[Records to use]
BEGIN
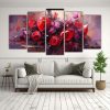 Pintura En Lienzo De Flores Moradas Y Rojas: Cinco Cuadros Modernos De Intensidad En La Decoración.
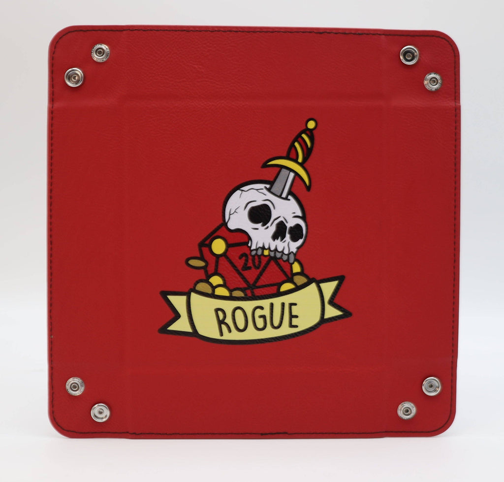 Represent your favorite class with our collapsible dice tray! This dice tray is made with durable leatherette and strong metal snap buttons. It's perfect for the traveling player or Dungeon Master. The tray stays flat and snaps together when you're ready to play!
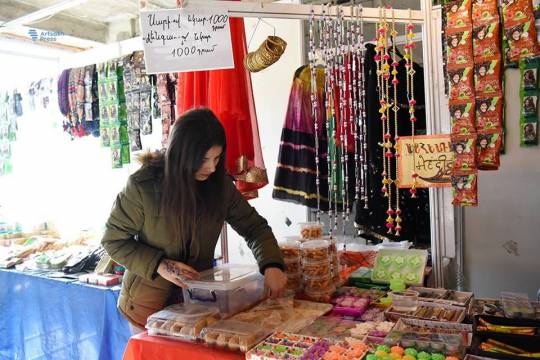 Şirkətin Hindistanın müxtəlif şəhərlərində fəaliyyət göstərən 12 nümayəndəsi Xankəndindəki ermənilər üçün 16 pavilyon təşkil edib. Sərgidə müxtəlif hind malları: mebel, geyim, əl işləri, ədviyyat və s. satılır. Hind şirkət rəhbəri sərginin sonuncu günü dekabrın 7-də məişət cihazları və digər malların uduşa qoyulacağı lotereya oynanılacaq. N.Ansari Xankəndində xüsusi Hindistan mağazası da açacağını vəd edib.
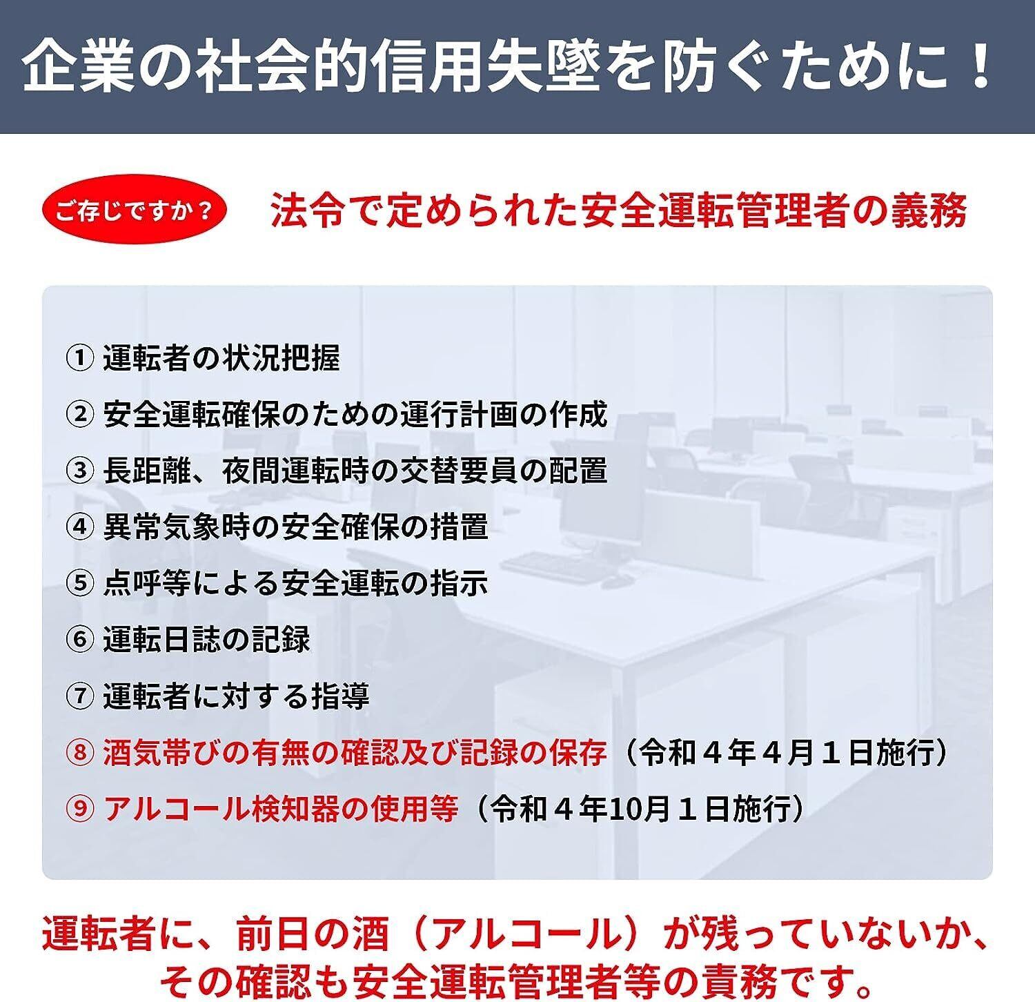 【超高性能・超高精度】アルコールチェッカーは高精度半導体ガスセンサー使用し、安全に運転できるかどうかを確認するために、5秒だけでアルコール濃度を検出できます。は高感度ICチップ内蔵で、測定準備時間は10秒で、測定時間は10秒です。測定完了後約20秒で自動OFFになります。【注意事項】国家公安委員会が定めるアルコール検知器としてご使用いただけます。 本機の使用の有無(判断結果を含む)に関わらず、飲酒運転に関しては一切責任を負いません。
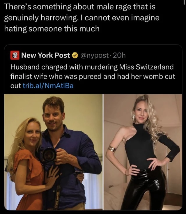 >>217757890>do men commit horrible crimes in your country too? Yes we had several such cases this year, although not as gory as this one>why are men like this?Many men cannot handle the wife's infidelity (be it real or imagined) and thus want to kill her, even at the cost of going to prison or committing suicide afterwards
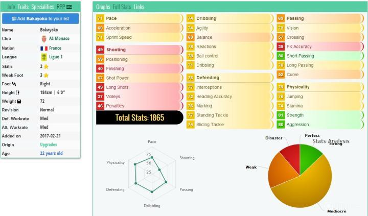 巴卡约科在FIFA17中初始数据只有74,还是一张银卡,但是在前半赛季的超强表现后,他的总评一跃到78,直接从银卡变成金卡。
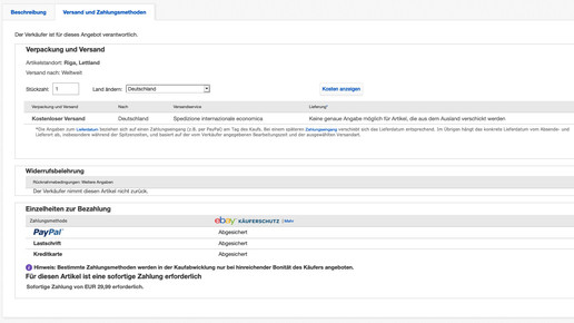 Die Pillen gibt es jeweils zum Sofortkauf. Eine 10er-Packung kostet 29,99 Euro, die 50er-Packung ist für 99,99 erhältlich. Zwei der drei verfügbaren 100 Stück-Packungen sind bereits verkauft. Diese schlagen mit 129,99 Euro zu Buche. Der Versand aus Riga ist weltweit laut Verkäufer kostenfrei. Ein Rücknahmerecht will andvik_43, der neben den Pillen keine weiteren Dinge zum Verkauf anbietet, seinen Käufern jedoch nicht einräumen.
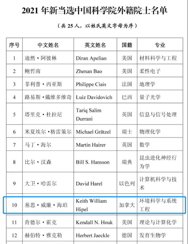 江南体育 名誉教授基思·威廉·海珀(Keith·William·Hipel)当选中国科江南体育 外籍院士,这是我校首位当选中国科江南体育 外籍院士的外国专家。
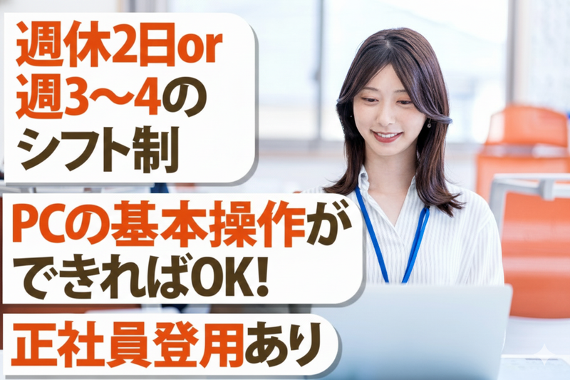求めている人材 ・PCの基本操作ができる方 ・土日出勤できる方歓迎 性別の条件と理由:女性歓迎(ポジティブアクション)
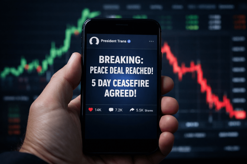 Non serve altro. I futures azionari schizzano a +2,7%. Il petrolio crolla del 10%. In pochi minuti, si materializzano oltre 1.700 miliardi di dollari di valore. Non creati — attenzione — ma riclassificati. Spostati. Redistribuiti tra chi era dentro prima e chi arriva dopo.
END
Repeat only the lines from the one with "求めている人材 ・PCの基本操作ができる方 ・土日出勤できる方歓迎" through the end of the data, both included and exactly as written. Pictures stay out of the copy.

求めている人材 ・PCの基本操作ができる方 ・土日出勤できる方歓迎 性別の条件と理由:女性歓迎(ポジティブアクション)
 Non serve altro. I futures azionari schizzano a +2,7%. Il petrolio crolla del 10%. In pochi minuti, si materializzano oltre 1.700 miliardi di dollari di valore. Non creati — attenzione — ma riclassificati. Spostati. Redistribuiti tra chi era dentro prima e chi arriva dopo.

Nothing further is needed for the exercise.